Please excuse grammar and spelling.
Here's my story so far about my experience with high-pitched pulsatile tinnitus.
Since February 2025, I've had a very high-pitched cardio rhythmic sound constantly, 24/7. Since this condition is extremely rare, bothersome, and in some cases dangerous, I thought I'd share my experience in case it helps anyone looking for answers.
My first attempt at getting to the bottom of this strange squeaky sound that was disturbing my sleep and daily life was seeing an Audiologist. You can probably guess that I didn't get direct answers there. However, the appointment wasn't wasted, because it led me to other sources and specialists which eventually led me to an actual diagnosis.

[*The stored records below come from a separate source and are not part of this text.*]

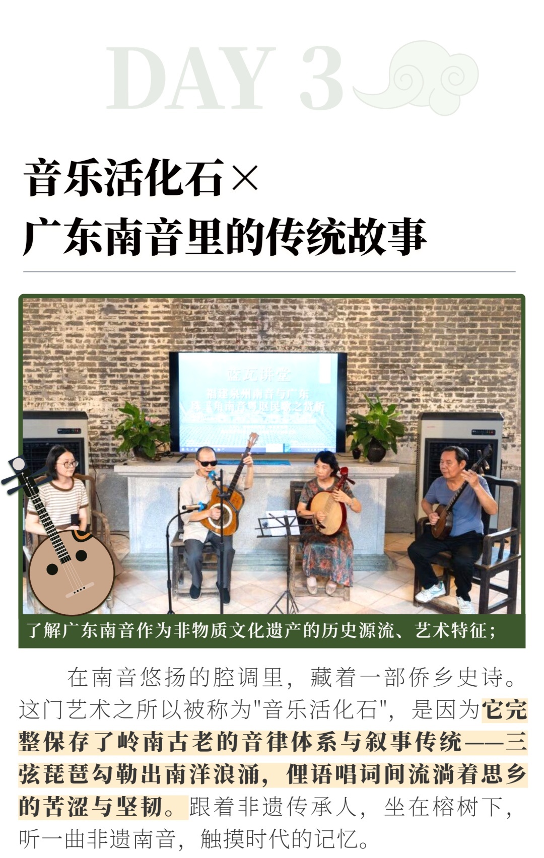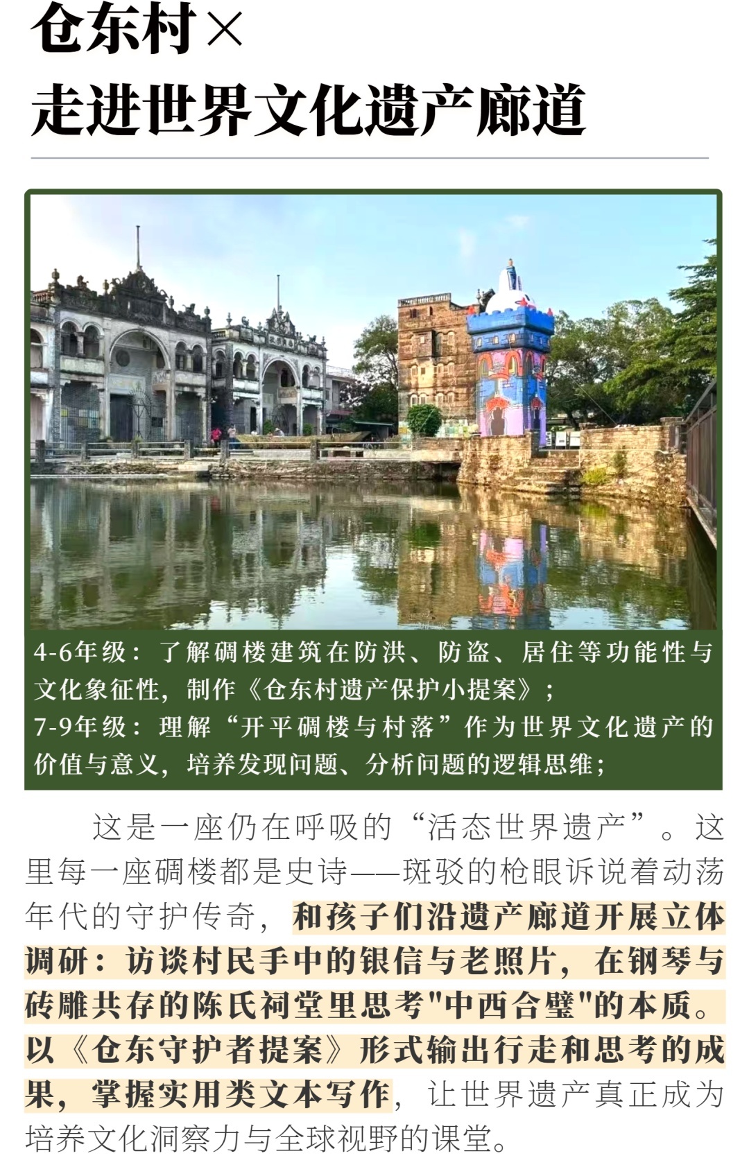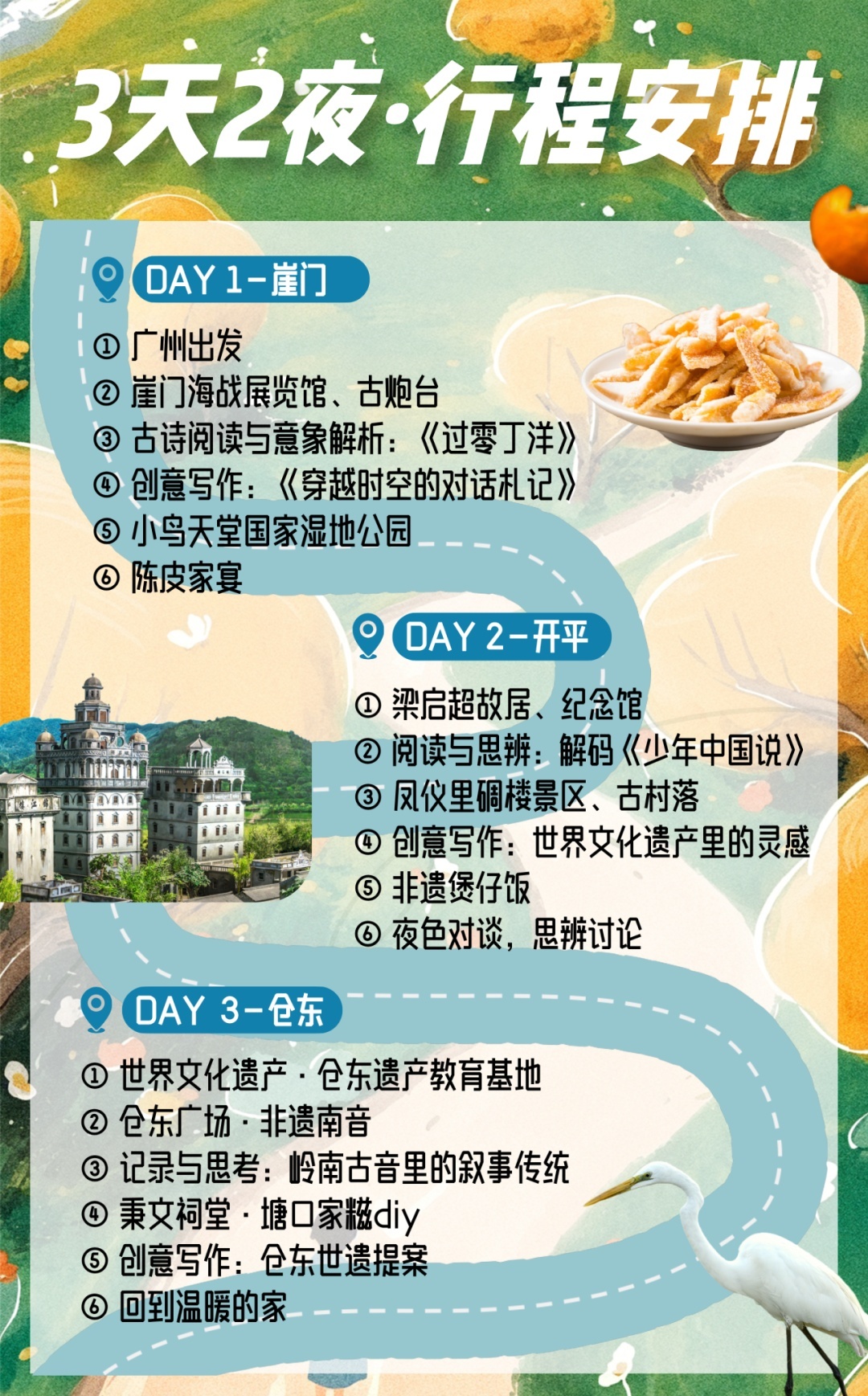 将和孩子们在仓东村亲耳聆听“音乐活化石”南音的悠扬曲韵,亲手制作非遗塘口家糍,在指尖的敲捏中感受传承的温度;更将夜宿于凤仪里古村落,推窗即见稻田碉楼,沉浸于世界文化遗产的静谧日常。这一切独特的设计,只为让孩子触摸到五邑大地最真实的文化脉搏。
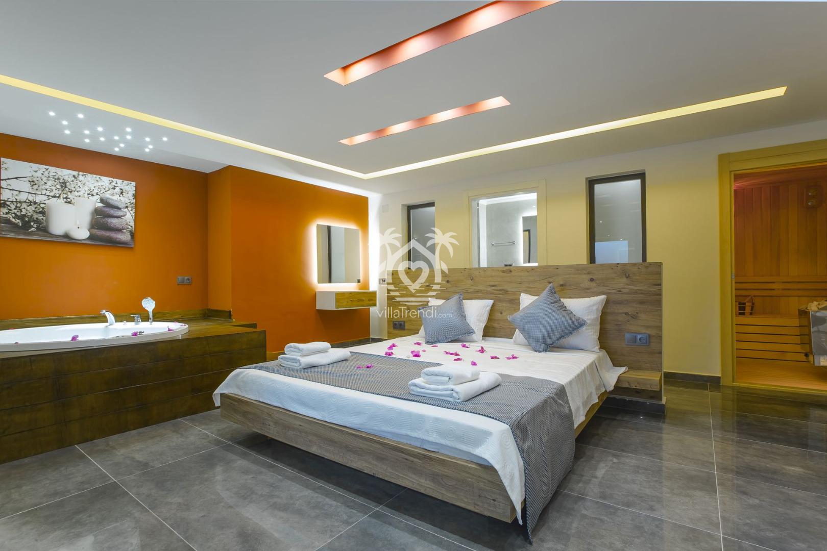 Süit Balayı Odası: Konforlu çift kişilik yatak, klima ve oda içerisinde yer alan lüks sauna ile jakuzi sayesinde kendinizi şımartın. 🛀🧘♀️
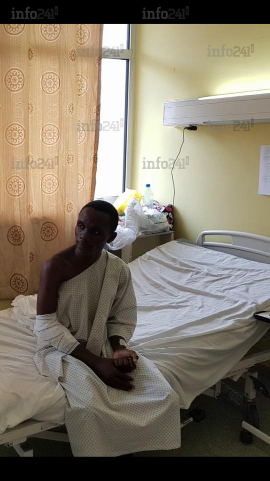 Une des victimes de l’incident, ici à l’hôpital militaire de Libreville
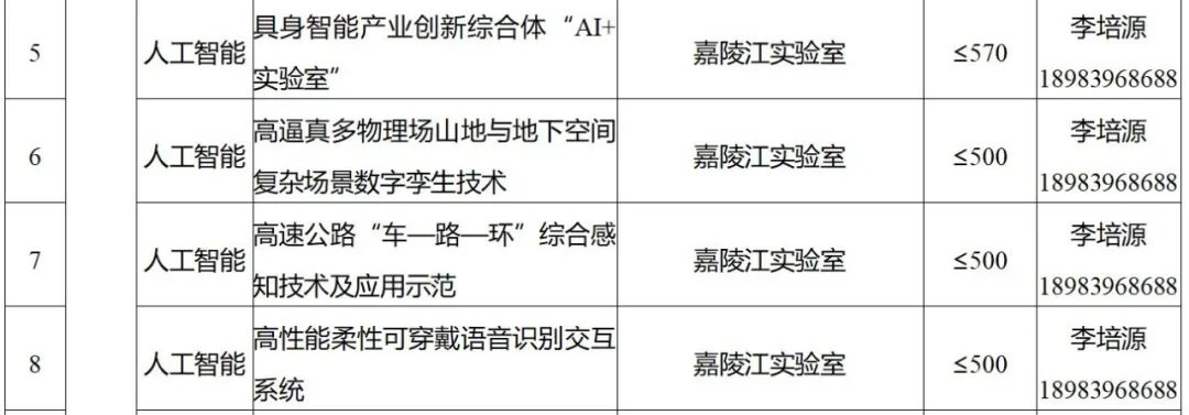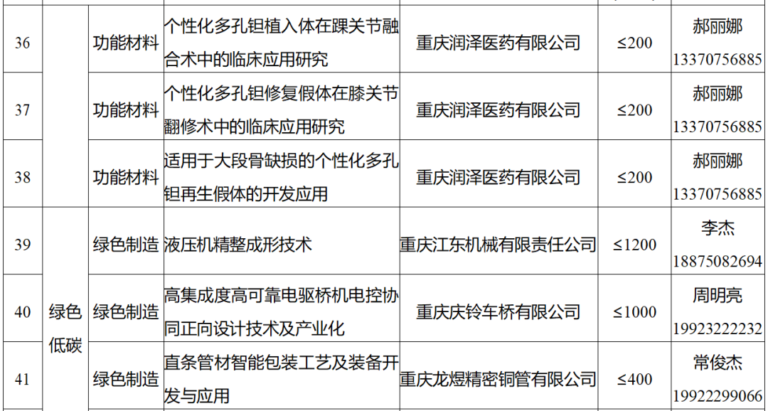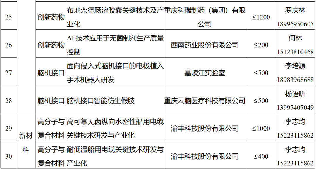 重庆市科技攻关“揭榜挂帅”项目榜单
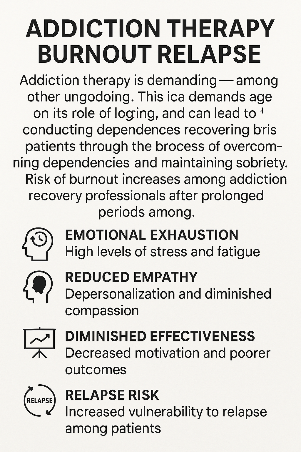 Burnout relapse in addiction therapy is a serious concern that can affect both professionals and individuals in recovery. By recognizing early warning signs, addressing root causes, and maintaining healthy coping strategies, individuals can prevent burnout from recurring. Prioritizing self-care, setting realistic boundaries, and fostering a supportive work environment are essential steps toward long-term well-being and effectiveness in addiction therapy.
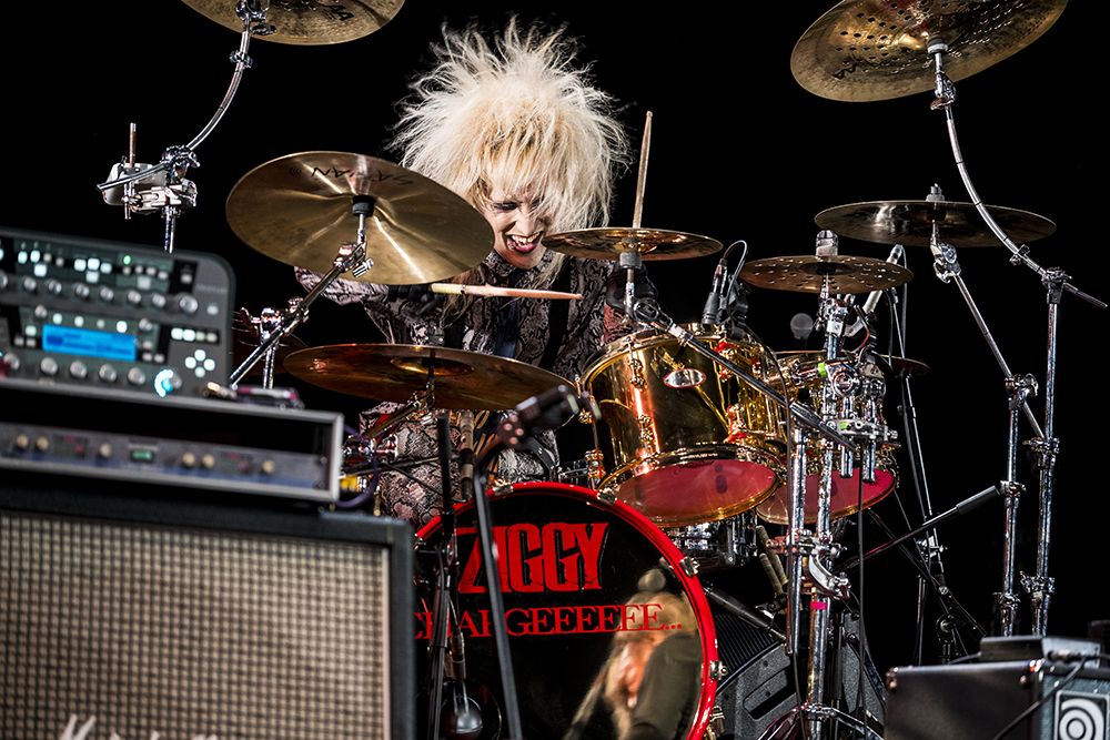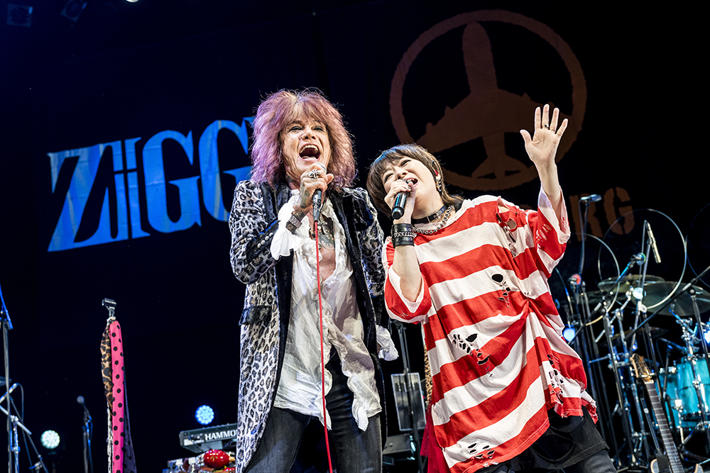 さぁ、ならず者たちの登場だ。CHARGEEEEEE...、Toshi、カトウタロウ、さっきよりメイクが濃い佐藤達哉、そして森重樹一がステージに揃うだけで危険な魅力が溢れ出す。「Guilty Vanity」「蒼ざめた夜」「HOW」と、あまりライブでやらない曲を冒頭からぶちかましたのも斬新だ。森重がマイクスタンドを高々と掲げる。CHARGEEEEEE...が2曲目で早くもスティックを折る。メンバー全員、気合の入り方がとんでもない。さっきまでフロアはLINDBERGファンの声援が多いように見えたが、今は手振りや掛け声で盛り上がるZIGGYファンでいっぱいだ。結局、みんなどっちも好きだということか。
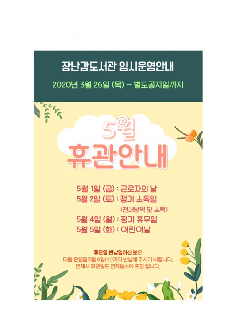 5월 휴관 안내 등록일 20-04-25 10:40 조회 226 본문 5월 휴관 안내 이전글장난감 배달서비스 5월 14일(목) 부터 시작합니다~ 다음글회원가입기간 자동 연장안내 목록 댓글목록 0 댓글목록 등록된 댓글이 없습니다.
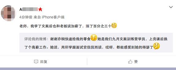 亦桐同学:通过学习文案,老板主动为她升职加薪
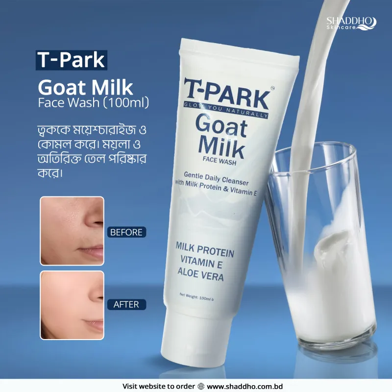 আপনার স্কিন কি ফেসওয়াশ ব্যবহারের পর খুব বেশি শুষ্ক বা খসখসে হয়ে যায়? Give your skin the nourishment it deserves with T-Park Goat Milk Face Wash. গোট মিল্ক বা ছাগলের দুধ যুগ যুগ ধরে ত্বকের উজ্জ্বলতা এবং কোমলতা ধরে রাখতে ব্যবহৃত হয়ে আসছে। This face wash is like a moisturizing treat for your face!
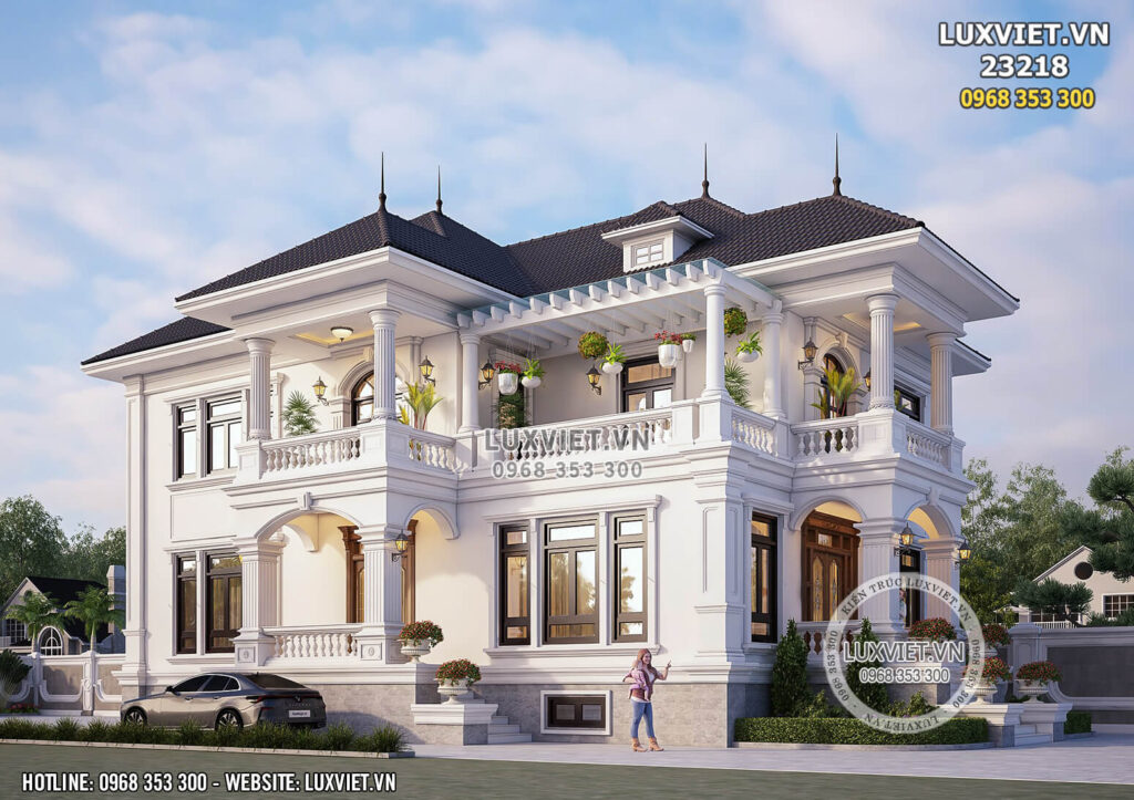 - Mẫu thiết kế nhà phố có tầng hầm để xe kiến trúc tân cổ điển
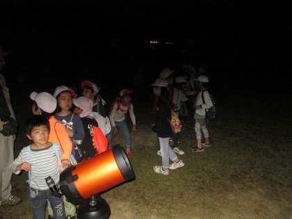 まだ明るい時間のナイトウオーク、そのあと天体観測をしました。みんなで月と木星と火星をさがし、天体望遠鏡で観察しました。今、入浴が終わり、この後就寝となります。みんな元気です。おやすみなさい。
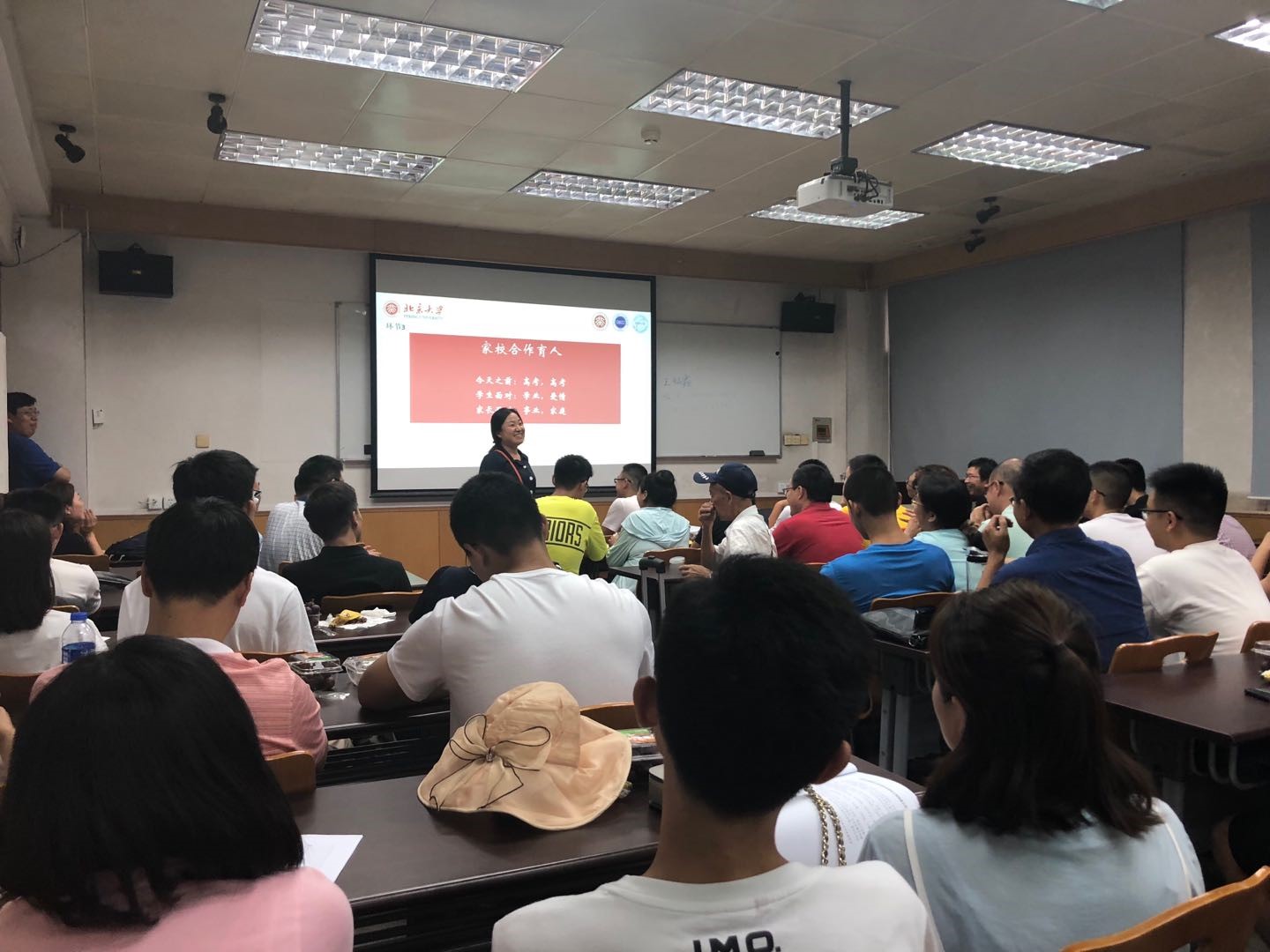 王一涵副书记介绍了学院的学生工作体系。她着重讲解了中学和大学环境的不同,希望家长们能够陪伴孩子成长、帮助孩子完成适应过程、接受孩子的全部、鼓励孩子自立。此外,王一涵副书记还详细介绍了2019级本科生分班信息以及新生班主任、辅导员的选拔和任用情况。

After the Audiologist, I paid privately to have a consultation with an ENT consultant in Nuffield. He advised a CT angiogram and venogram. Since I was eager to get to the bottom of this, I also paid privately to have the scan in Taunton as suggested by the ENT consultant. The results came back clear. The results were relayed to me by the consultant in Nuffield. He said everything was clear and suggested meditation. I took his word on this, walked back to the car, went to drive off, and turned to my wife and said, Wait, if the high-pitched pulsatile tinnitus is objective, not subjective, then how will meditation help? We both agreed. I wasn't going to give up.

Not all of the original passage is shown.